Flames of Renewal

Author: Land Trust Team | 08/27/24
       

Bringing Fire Back to the Prairie

Controlled burn at Admiralty Inlet Preserve in October 2023.

Since about 9,000 B.C., the fertile, open prairies on Whidbey and Camano Islands provided the indigenous Coast Salish people with a wealth of edible greens and root vegetables and an abundance of game animals. During most of those millennia, the indigenous people used fire as the primary tool for maintaining and managing these prairies to eliminate encroaching trees and shrubs and enhance food production.

When Europeans arrived on Whidbey Island, they found approximately 80,000 acres of prairies. Today, due to conversion of prairie lands to agriculture and development, less than one percent of the Island’s native prairies remain.

Fortunately, two significant native prairies are protected at the Land Trust’s Admiralty Inlet Preserve near Coupeville.

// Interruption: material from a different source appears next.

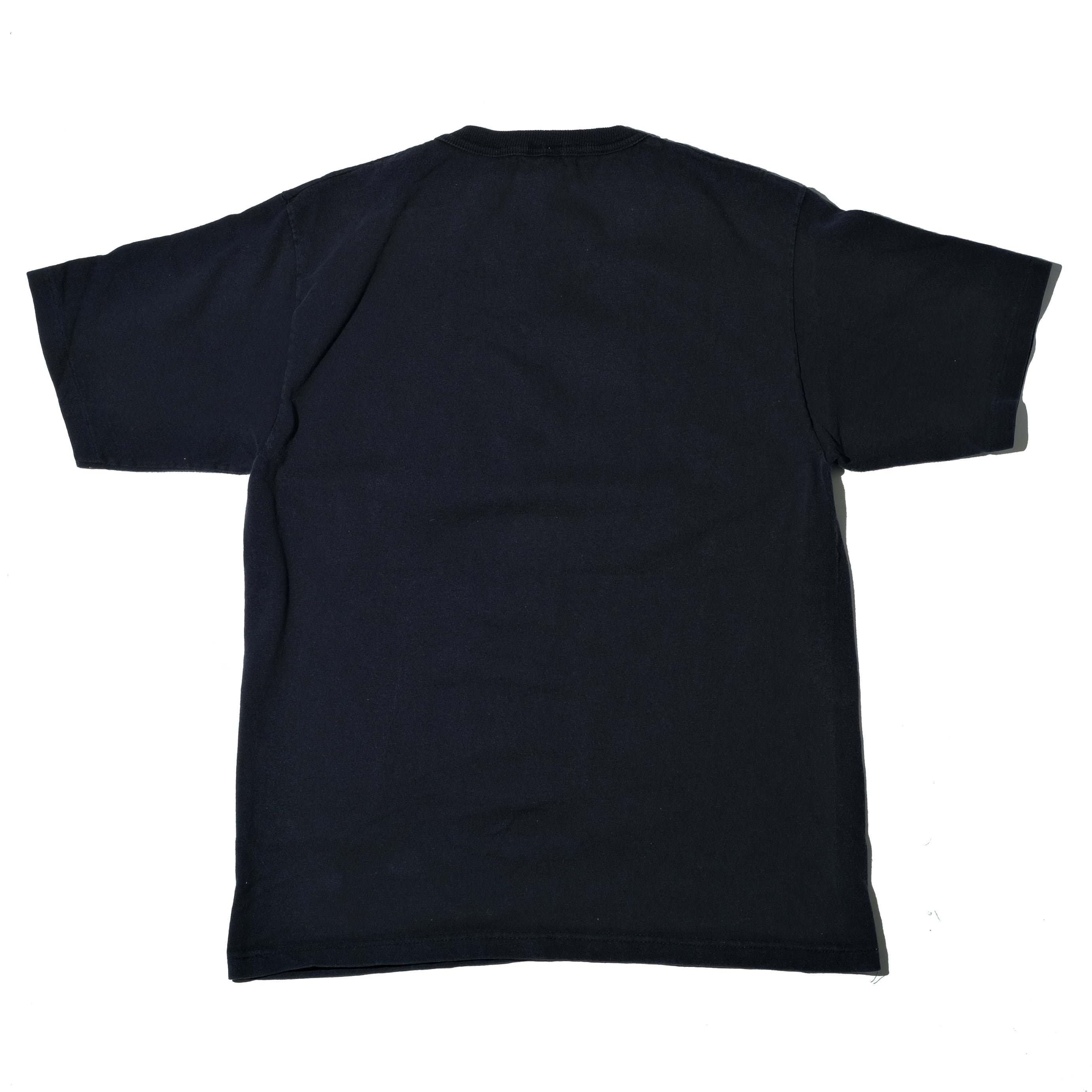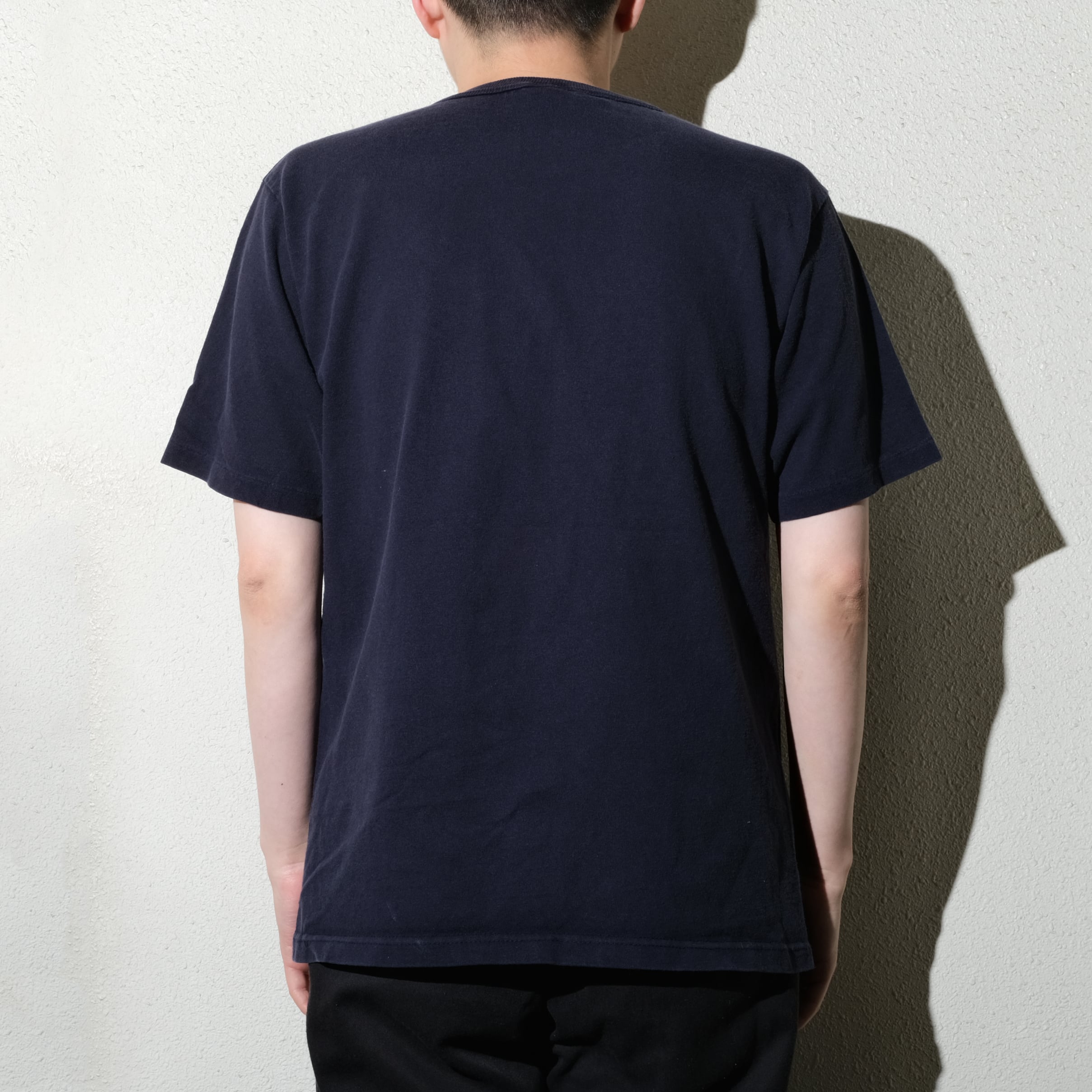 グレーボディより珍しく、かつクールなネイビーボディに白文字の個体、表記でMサイズですが年代的に少し身幅が広めの作りで171cmがゆとりを持って着用できるいいシルエットでした。

Years ago, this site had two of only 12 populations in the world, but thanks to restoration efforts by organizations like the Whidbey Camano Land Trust, the golden paintbrush has been removed from the federal endangered plants list. Ongoing restoration efforts spanning 20 years have included mowing, controlled burns, seeding and planting over 250,000 native prairie plants on this preserve.

The Land Trust has reintroduced controlled fires to these prairie remnants because, as the Islands’ indigenous people knew, prairies don’t stay prairies without management, and fire does the job best.

Periodic controlled burns remove the dense build-up of dead vegetation, giving prairie plants space and nutrients to grow, and they do it better than the other chemical and mechanical methods at our disposal. The burns also improve habitat for native birds, bees and butterflies.